═════ Extracted entries ═════
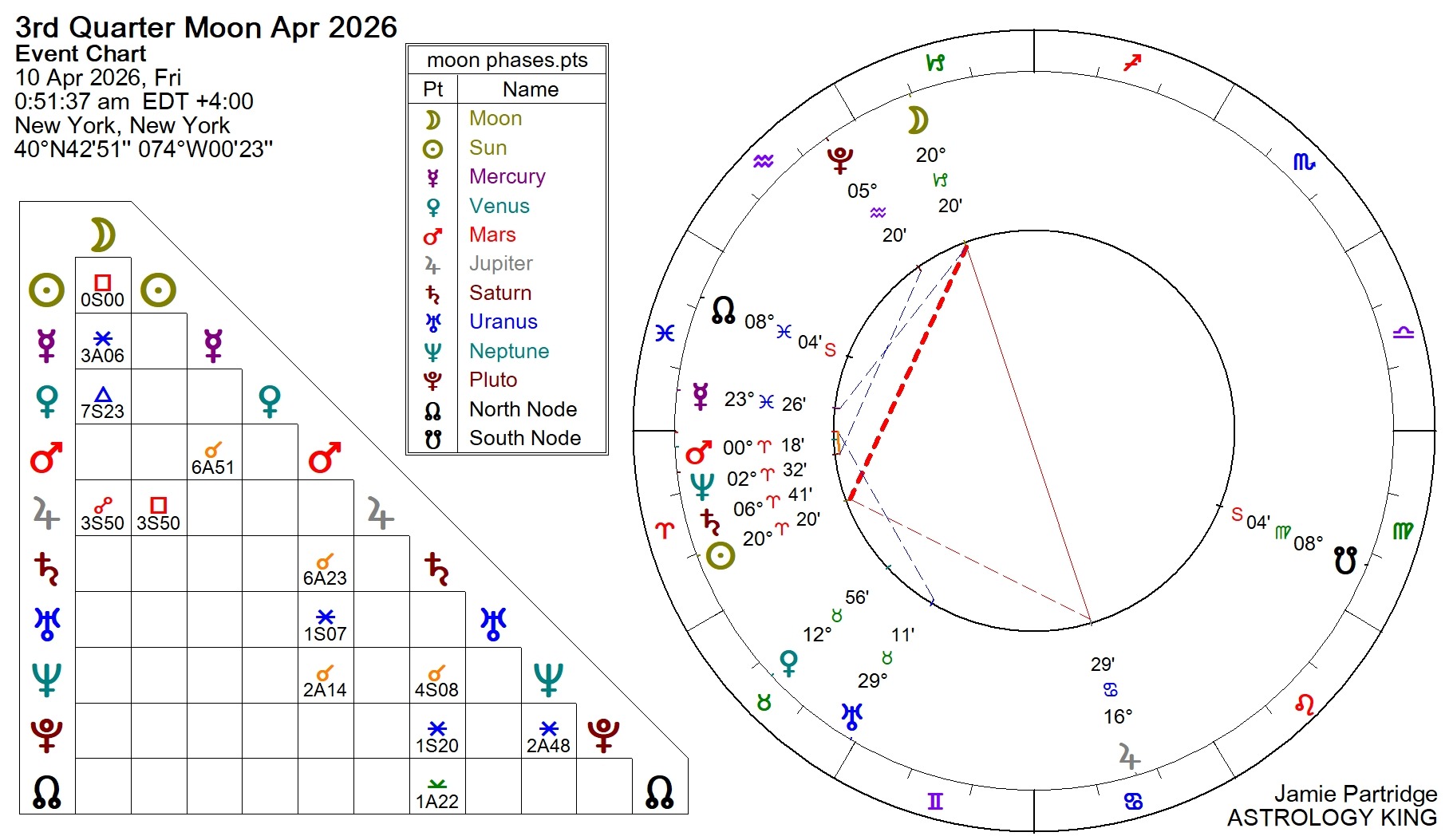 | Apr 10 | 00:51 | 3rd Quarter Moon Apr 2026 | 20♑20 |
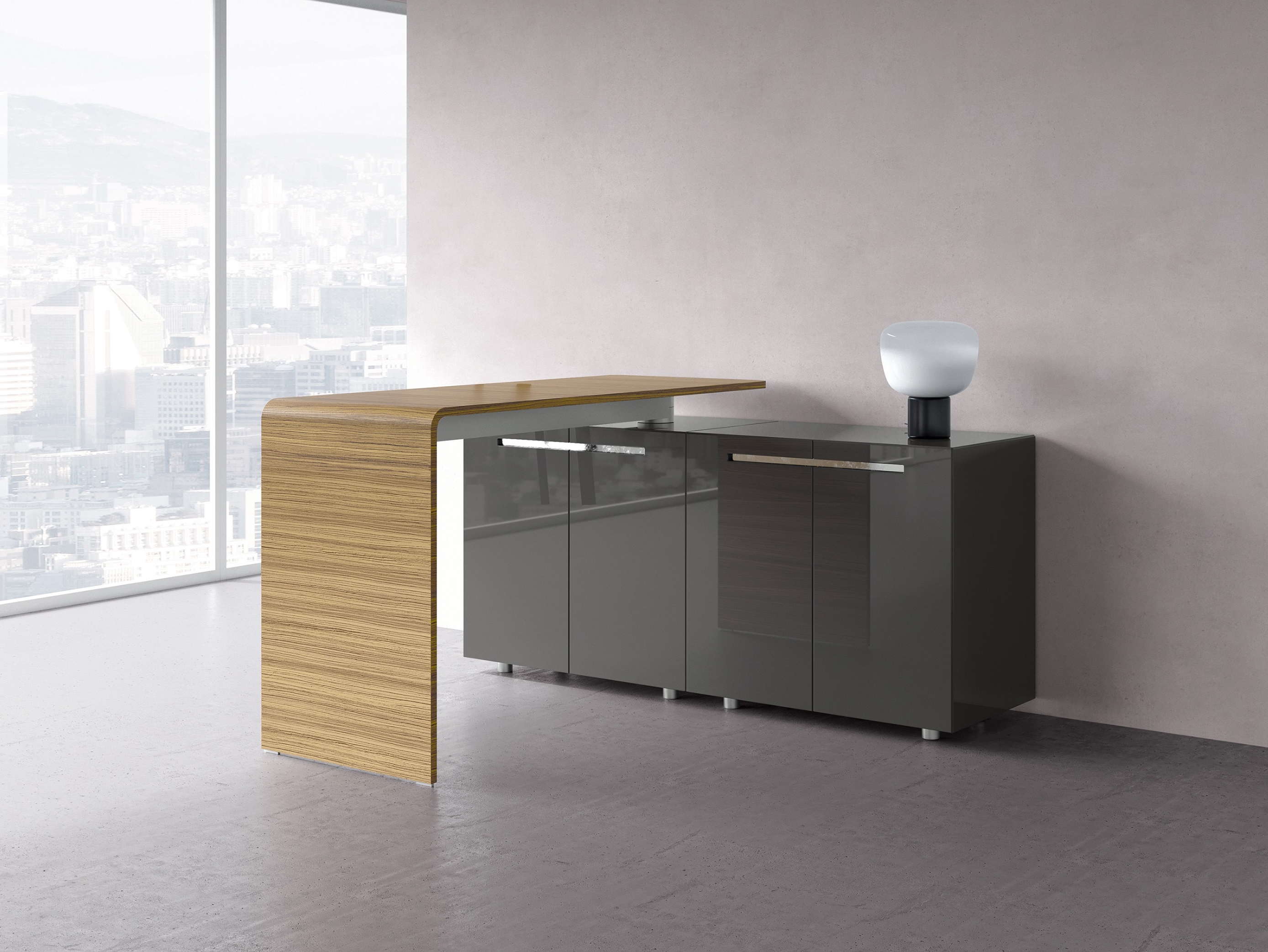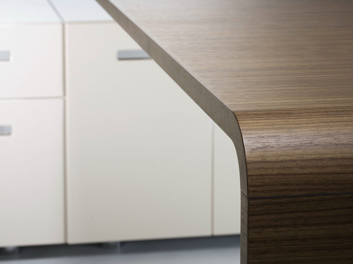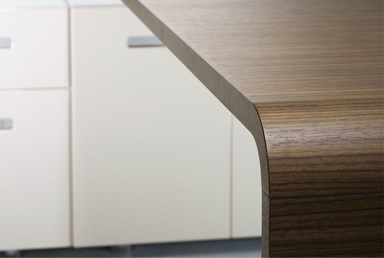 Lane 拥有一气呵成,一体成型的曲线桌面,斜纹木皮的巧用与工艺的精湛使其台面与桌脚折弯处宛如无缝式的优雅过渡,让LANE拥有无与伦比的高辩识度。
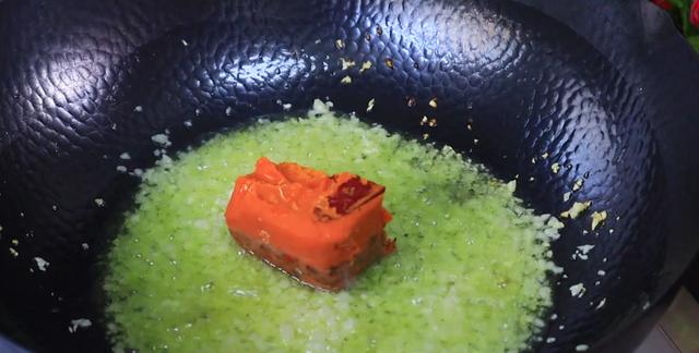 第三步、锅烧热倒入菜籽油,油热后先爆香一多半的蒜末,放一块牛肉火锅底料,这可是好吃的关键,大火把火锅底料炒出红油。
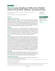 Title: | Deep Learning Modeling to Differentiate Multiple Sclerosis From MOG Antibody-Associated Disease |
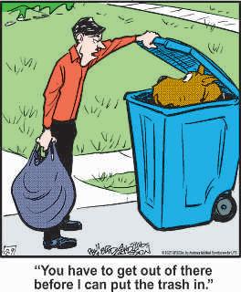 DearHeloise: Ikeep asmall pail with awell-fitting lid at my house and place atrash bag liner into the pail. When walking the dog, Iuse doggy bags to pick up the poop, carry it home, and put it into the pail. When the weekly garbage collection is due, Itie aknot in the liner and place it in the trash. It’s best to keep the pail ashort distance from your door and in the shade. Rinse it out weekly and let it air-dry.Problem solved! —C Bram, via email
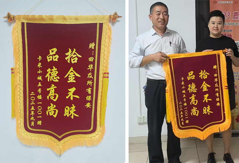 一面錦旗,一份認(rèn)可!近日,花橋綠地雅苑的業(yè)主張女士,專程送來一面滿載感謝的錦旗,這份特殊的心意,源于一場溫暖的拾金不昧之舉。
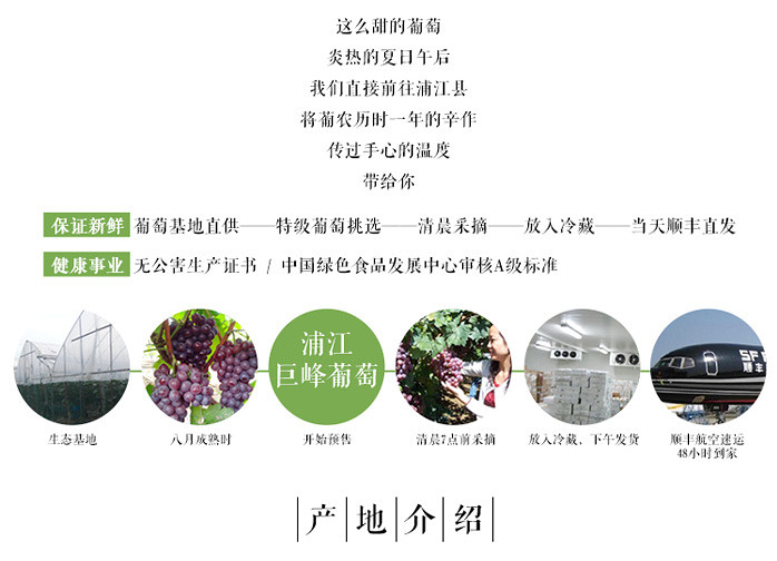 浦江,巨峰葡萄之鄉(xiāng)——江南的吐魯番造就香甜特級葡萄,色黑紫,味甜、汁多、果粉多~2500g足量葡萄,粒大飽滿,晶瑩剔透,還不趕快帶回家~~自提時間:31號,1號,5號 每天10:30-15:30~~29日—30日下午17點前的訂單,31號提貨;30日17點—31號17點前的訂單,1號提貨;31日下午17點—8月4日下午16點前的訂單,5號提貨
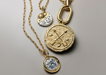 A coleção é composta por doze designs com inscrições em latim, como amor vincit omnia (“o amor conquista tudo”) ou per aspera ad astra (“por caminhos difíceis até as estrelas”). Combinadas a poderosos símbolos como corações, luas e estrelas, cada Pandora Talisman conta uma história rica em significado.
═════
• **Prompt**: Look above for the line containing "Lane 拥有一气呵成,一体", then write out every line from there down to the line containing "Title: | Deep", that line included, with no pictures.

• **Answer to this exercise**:
 Lane 拥有一气呵成,一体成型的曲线桌面,斜纹木皮的巧用与工艺的精湛使其台面与桌脚折弯处宛如无缝式的优雅过渡,让LANE拥有无与伦比的高辩识度。
 第三步、锅烧热倒入菜籽油,油热后先爆香一多半的蒜末,放一块牛肉火锅底料,这可是好吃的关键,大火把火锅底料炒出红油。
 Title: | Deep Learning Modeling to Differentiate Multiple Sclerosis From MOG Antibody-Associated Disease |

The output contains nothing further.